__WHAT THIS TASK INVOLVES__.
Would you please copy each line of the listing that mentions "Plate"?

__PROVIDED INFORMATION__.
• • • • •
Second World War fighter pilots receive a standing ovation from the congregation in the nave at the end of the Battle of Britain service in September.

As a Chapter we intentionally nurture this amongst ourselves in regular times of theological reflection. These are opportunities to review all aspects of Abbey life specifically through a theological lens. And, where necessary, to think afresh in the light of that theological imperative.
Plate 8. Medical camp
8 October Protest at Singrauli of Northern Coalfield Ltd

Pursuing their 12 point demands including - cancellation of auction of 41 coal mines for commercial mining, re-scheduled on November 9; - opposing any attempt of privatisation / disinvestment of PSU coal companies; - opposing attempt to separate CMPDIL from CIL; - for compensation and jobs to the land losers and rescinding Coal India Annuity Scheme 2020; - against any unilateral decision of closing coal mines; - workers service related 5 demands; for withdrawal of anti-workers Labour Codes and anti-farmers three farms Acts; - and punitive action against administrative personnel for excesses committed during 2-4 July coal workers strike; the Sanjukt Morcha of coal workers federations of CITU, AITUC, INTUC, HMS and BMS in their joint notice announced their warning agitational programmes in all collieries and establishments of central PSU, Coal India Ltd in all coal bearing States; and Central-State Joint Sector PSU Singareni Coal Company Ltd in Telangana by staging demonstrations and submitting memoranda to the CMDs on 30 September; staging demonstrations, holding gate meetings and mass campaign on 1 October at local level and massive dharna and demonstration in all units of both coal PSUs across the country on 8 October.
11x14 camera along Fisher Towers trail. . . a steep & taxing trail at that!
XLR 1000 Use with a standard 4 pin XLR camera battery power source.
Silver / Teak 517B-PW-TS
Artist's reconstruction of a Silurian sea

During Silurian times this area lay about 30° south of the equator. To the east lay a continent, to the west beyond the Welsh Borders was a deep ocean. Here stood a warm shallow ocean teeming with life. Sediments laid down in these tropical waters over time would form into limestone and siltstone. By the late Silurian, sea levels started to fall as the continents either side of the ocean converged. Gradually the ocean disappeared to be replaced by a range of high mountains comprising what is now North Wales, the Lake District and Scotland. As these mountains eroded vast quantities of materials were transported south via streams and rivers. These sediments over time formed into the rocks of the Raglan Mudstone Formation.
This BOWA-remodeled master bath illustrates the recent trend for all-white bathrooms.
• • • • •
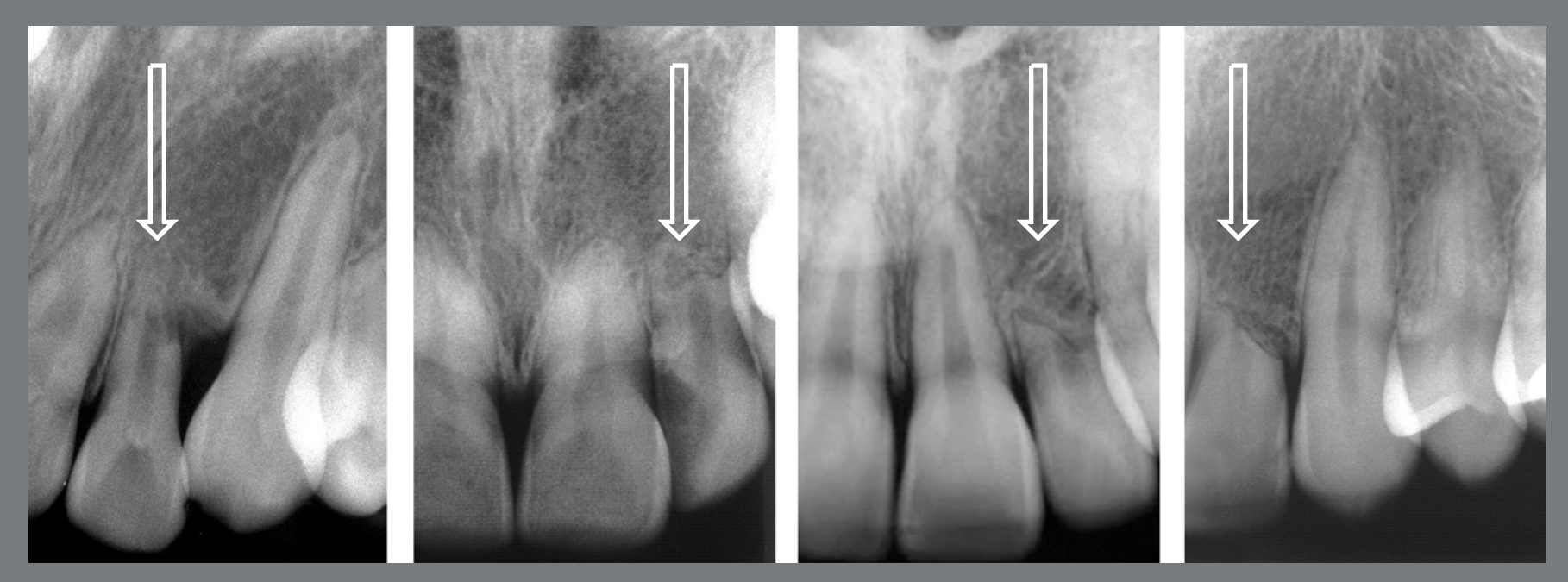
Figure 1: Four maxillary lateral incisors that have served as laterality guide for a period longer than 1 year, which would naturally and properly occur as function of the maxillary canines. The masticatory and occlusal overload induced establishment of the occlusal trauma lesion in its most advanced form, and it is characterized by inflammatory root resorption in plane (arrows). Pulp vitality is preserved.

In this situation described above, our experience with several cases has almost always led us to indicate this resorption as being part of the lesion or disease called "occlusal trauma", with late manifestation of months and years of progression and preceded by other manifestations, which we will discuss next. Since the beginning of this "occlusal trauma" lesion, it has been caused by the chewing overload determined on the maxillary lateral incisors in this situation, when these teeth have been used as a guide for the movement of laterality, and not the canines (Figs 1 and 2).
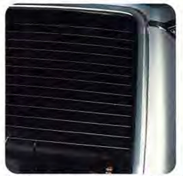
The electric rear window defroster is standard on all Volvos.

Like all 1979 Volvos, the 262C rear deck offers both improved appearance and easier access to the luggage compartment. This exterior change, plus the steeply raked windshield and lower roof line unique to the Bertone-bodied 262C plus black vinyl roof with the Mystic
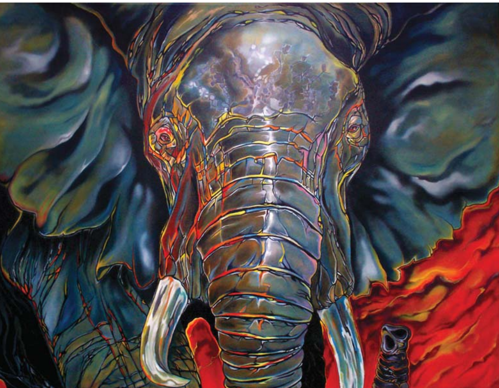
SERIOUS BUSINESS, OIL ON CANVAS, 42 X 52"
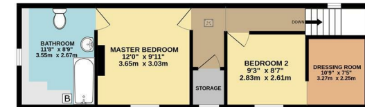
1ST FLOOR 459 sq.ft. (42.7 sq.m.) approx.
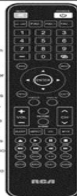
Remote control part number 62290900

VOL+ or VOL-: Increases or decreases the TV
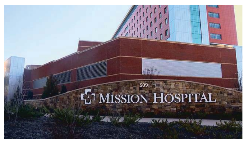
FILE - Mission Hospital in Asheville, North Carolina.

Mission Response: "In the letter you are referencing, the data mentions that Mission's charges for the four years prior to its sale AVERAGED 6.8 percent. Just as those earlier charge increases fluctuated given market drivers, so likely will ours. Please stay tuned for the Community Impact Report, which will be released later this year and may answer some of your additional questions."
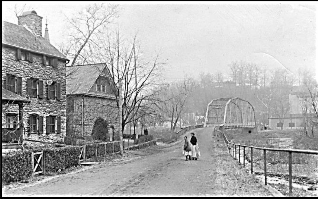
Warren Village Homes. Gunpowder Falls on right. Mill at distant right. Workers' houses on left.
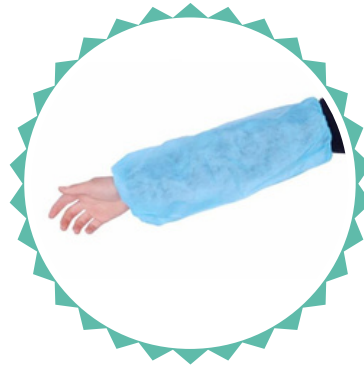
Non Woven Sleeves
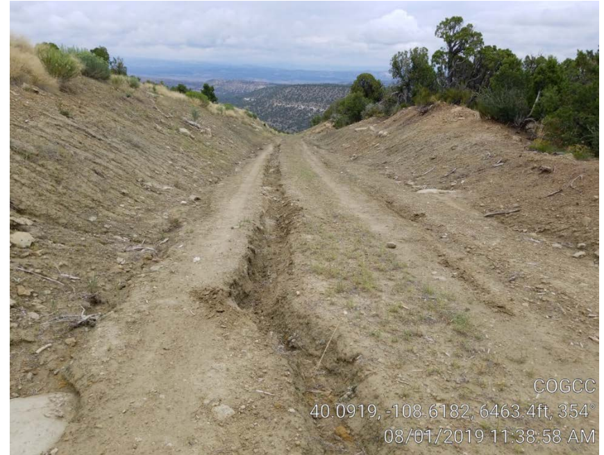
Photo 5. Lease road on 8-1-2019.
• • • • •
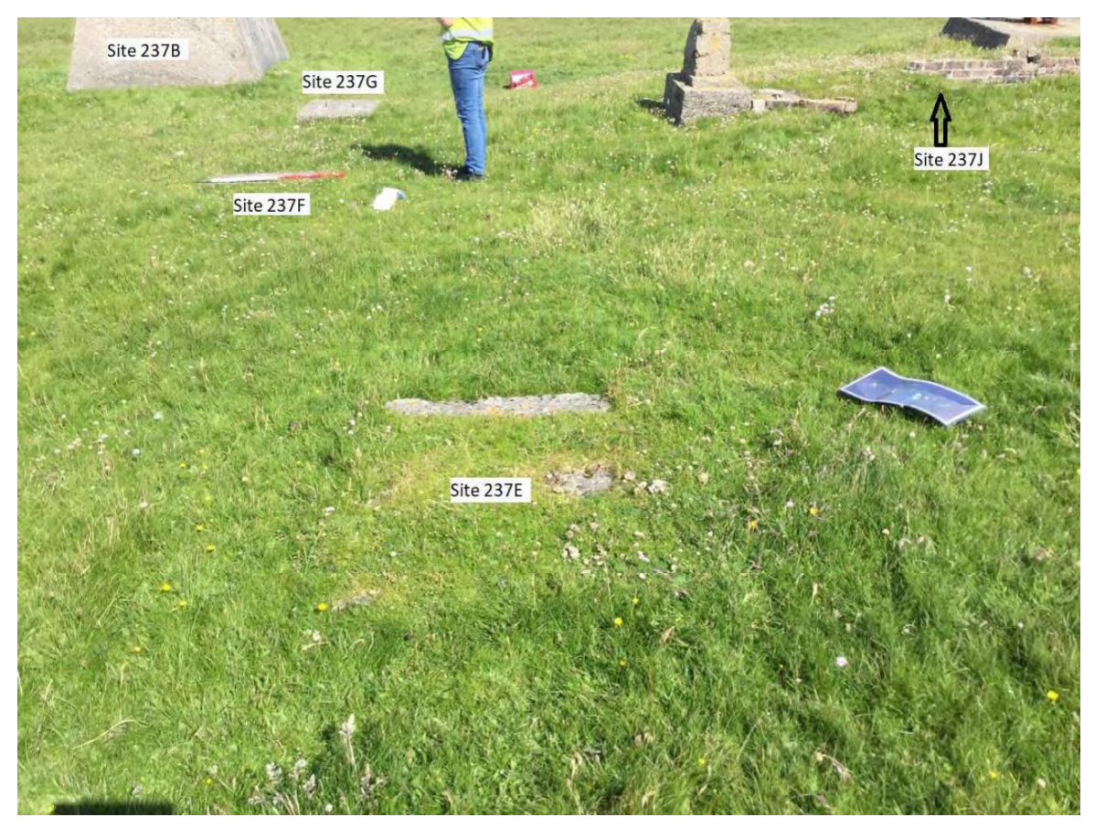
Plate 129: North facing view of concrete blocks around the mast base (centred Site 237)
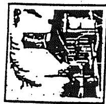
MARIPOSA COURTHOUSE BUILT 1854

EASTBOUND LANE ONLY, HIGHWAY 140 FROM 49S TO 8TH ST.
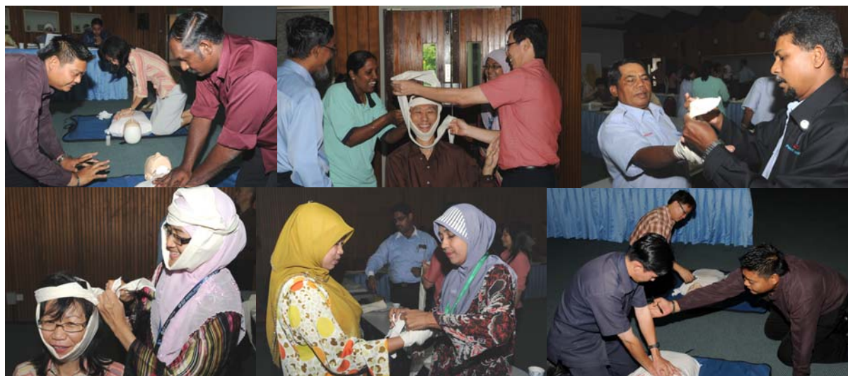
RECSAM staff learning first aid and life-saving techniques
• • • • •
__OUTPUT FOR THIS TASK__.
Plate 8. Medical camp
Plate 129: North facing view of concrete blocks around the mast base (centred Site 237)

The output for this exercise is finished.